■ **Work instructions**: Exclude the pictures and transcribe the rest of the data below exactly.

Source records

>>>>

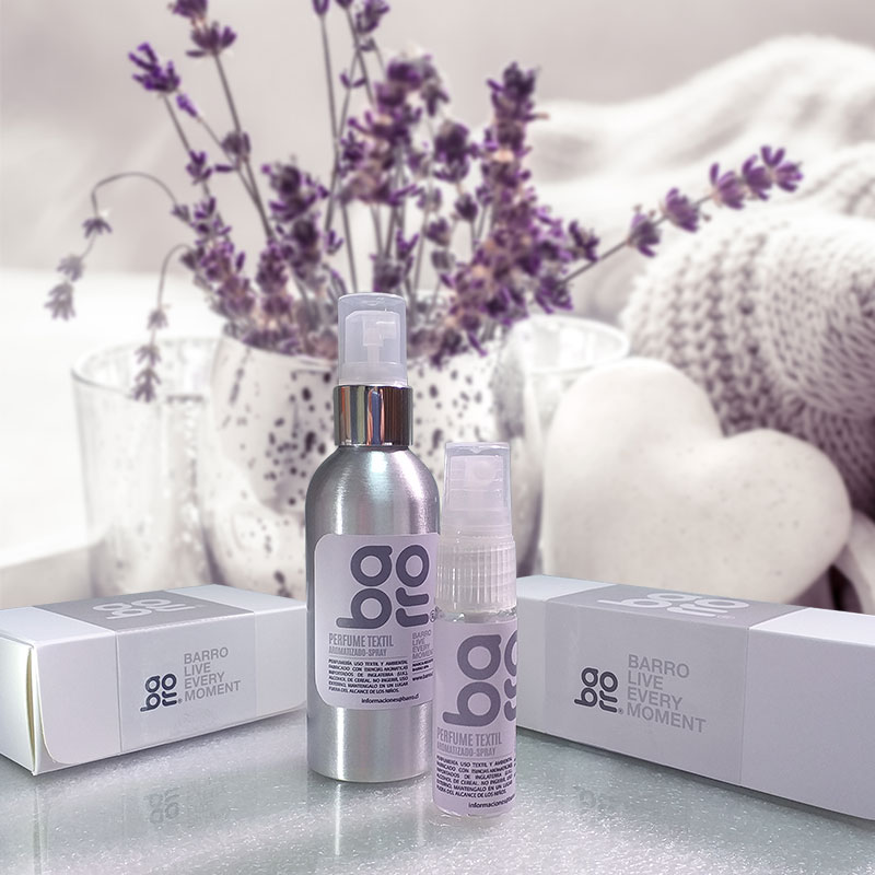 Perfume textil fabricado con esencias aromáticas importadas de UK y alcohol de cereal, donde se combinan los mejores ingredientes para lograr un producto de calidad. En dos formatos de botella en vidrio y aluminio, que permite la mejor conservación de los aromas y calidad del producto.
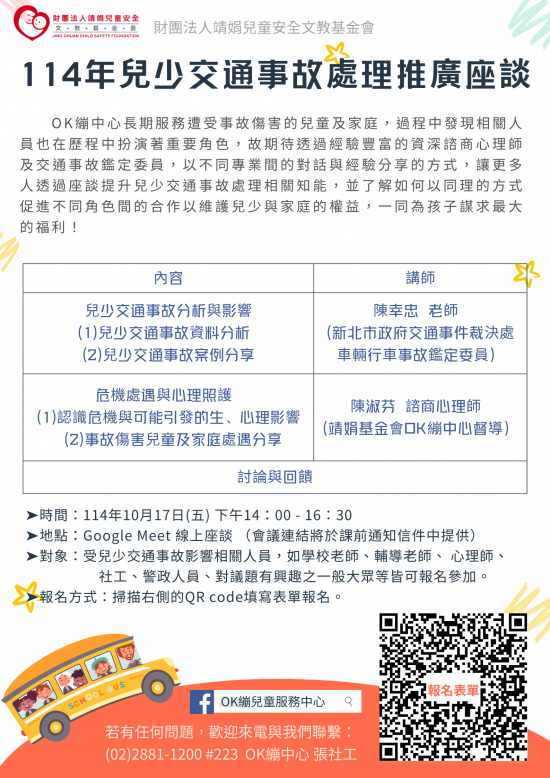 二、檢附114年兒少交通事故處理推廣座談宣傳單張1份。
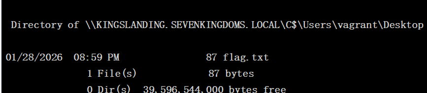 beacon> shell dir \\KINGSLANDING.SEVENKINGDOMS.LOCAL\C$\Users\vagrant\Desktop\flag.txt
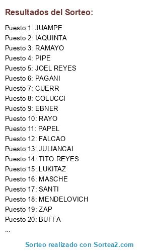 Lista de participantes: COLUCCI, LUKITAZ, SANTI, RAYO, LEA CAH, TITO REYES, PAPEL, EBNER, VAN BOMMEL, CRIXUS, MENDELOVICH, PAGANI, ZAP, MASCHE, IAQUINTA, FALCAO, JULIANCAI, PIPE, BUFFA, JOEL REYES, JUAMPE, FRUTER, RAMAYO, CUERR, PUNCHILLO.
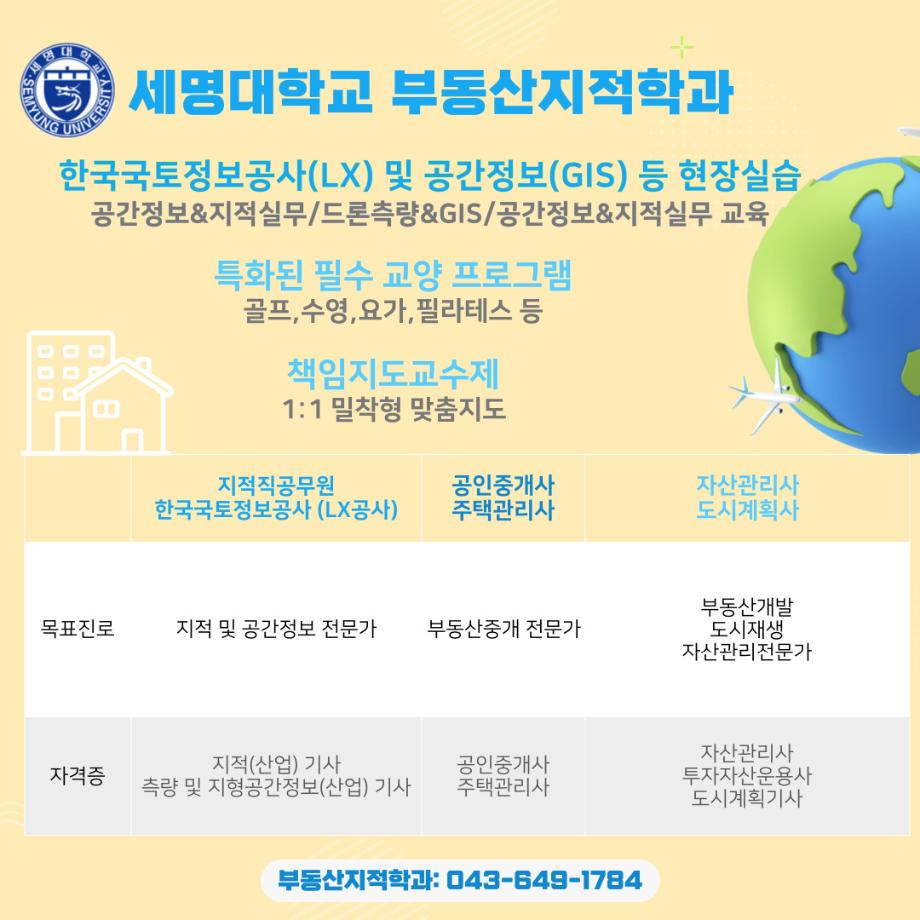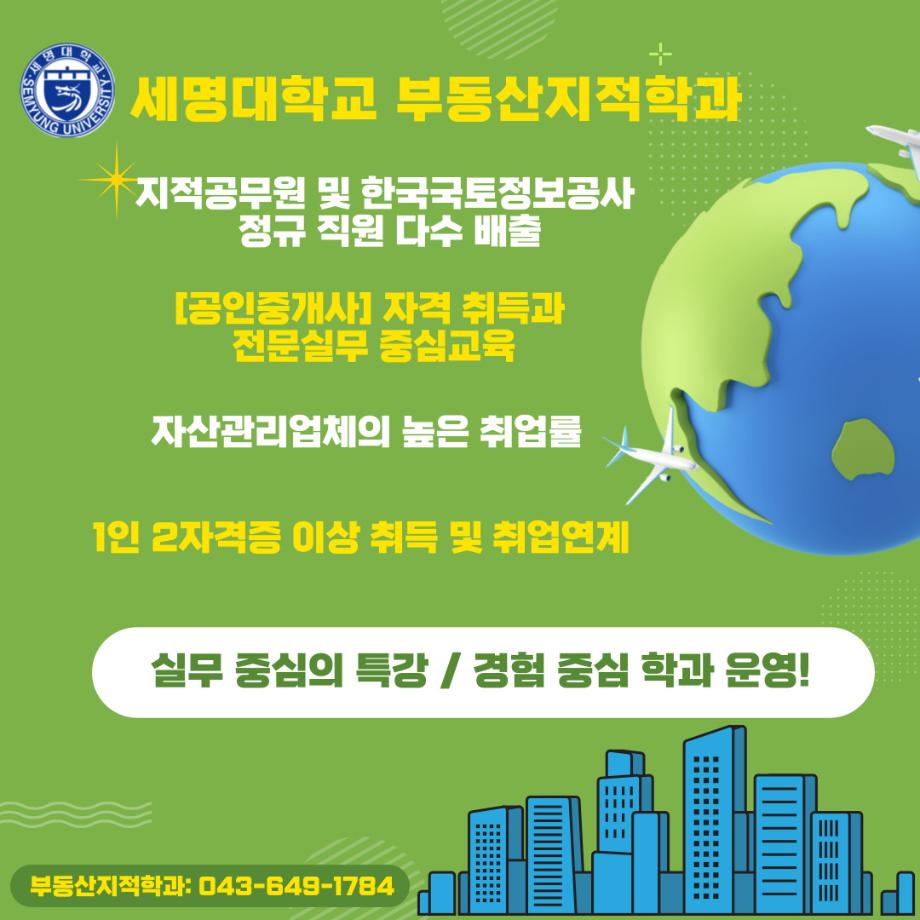 안녕하세요. 세명대학교 부동산지적학과입니다.
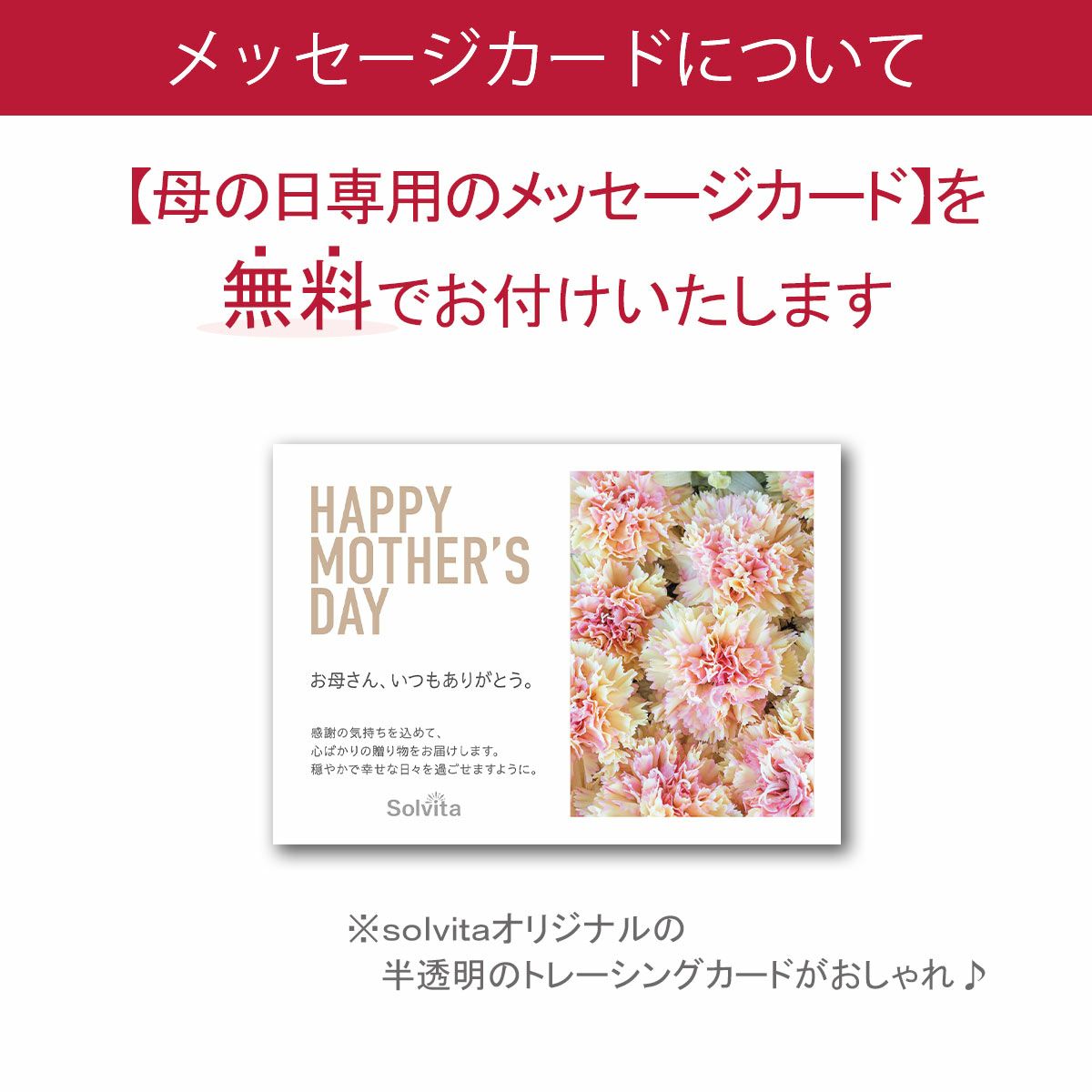母の日メッセージカード付 フラワードームアレンジメント ハート/レッド+ソーラー
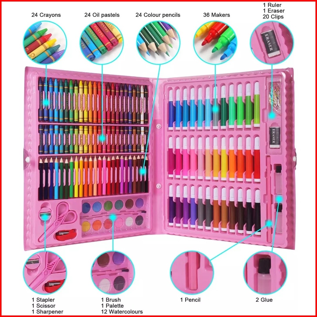 Art Set Crayon Anak Pengasah 208pcs Dan 150pcs Set Alat Menggambar Melukis Anak
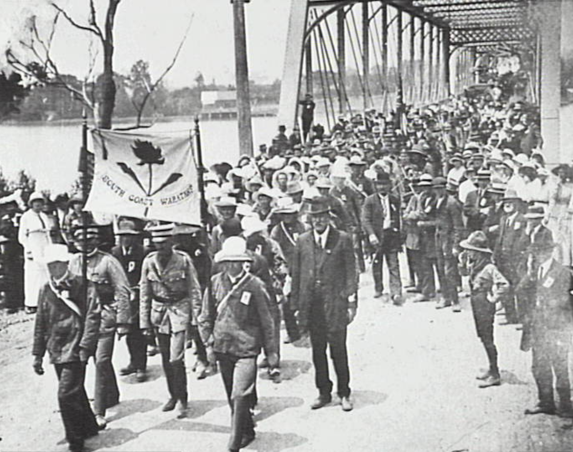 The South Coast Waratah March crossing Nowra’s Shoalhaven Bridge on 30 November 1915, on its way to Sydney. Photo: From the collections of Wollongong City Libraries and the Illawarra Historical Society – P08/P08495.
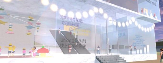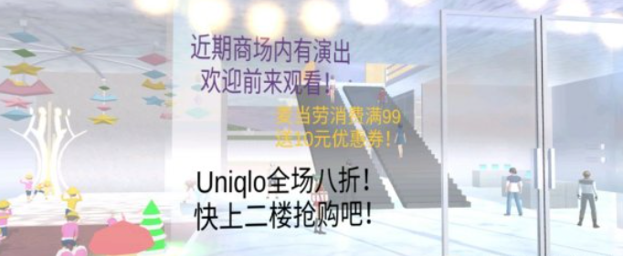 玻璃墙上也会定期展示近期商场内店铺的打折活动和演出通知
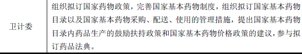 我国医药行业的主管部门主要为国家药监总局、商务部等,同时,国家发改委、卫计委等部门共同对医药行业进行监督和管理。各部门的主要职责如下:

<<<<

■ **Reply**:
 Perfume textil fabricado con esencias aromáticas importadas de UK y alcohol de cereal, donde se combinan los mejores ingredientes para lograr un producto de calidad. En dos formatos de botella en vidrio y aluminio, que permite la mejor conservación de los aromas y calidad del producto.
 二、檢附114年兒少交通事故處理推廣座談宣傳單張1份。
 beacon> shell dir \\KINGSLANDING.SEVENKINGDOMS.LOCAL\C$\Users\vagrant\Desktop\flag.txt
 Lista de participantes: COLUCCI, LUKITAZ, SANTI, RAYO, LEA CAH, TITO REYES, PAPEL, EBNER, VAN BOMMEL, CRIXUS, MENDELOVICH, PAGANI, ZAP, MASCHE, IAQUINTA, FALCAO, JULIANCAI, PIPE, BUFFA, JOEL REYES, JUAMPE, FRUTER, RAMAYO, CUERR, PUNCHILLO.
 안녕하세요. 세명대학교 부동산지적학과입니다.
母の日メッセージカード付 フラワードームアレンジメント ハート/レッド+ソーラー
 Art Set Crayon Anak Pengasah 208pcs Dan 150pcs Set Alat Menggambar Melukis Anak
 The South Coast Waratah March crossing Nowra’s Shoalhaven Bridge on 30 November 1915, on its way to Sydney. Photo: From the collections of Wollongong City Libraries and the Illawarra Historical Society – P08/P08495.
 玻璃墙上也会定期展示近期商场内店铺的打折活动和演出通知
 我国医药行业的主管部门主要为国家药监总局、商务部等,同时,国家发改委、卫计委等部门共同对医药行业进行监督和管理。各部门的主要职责如下:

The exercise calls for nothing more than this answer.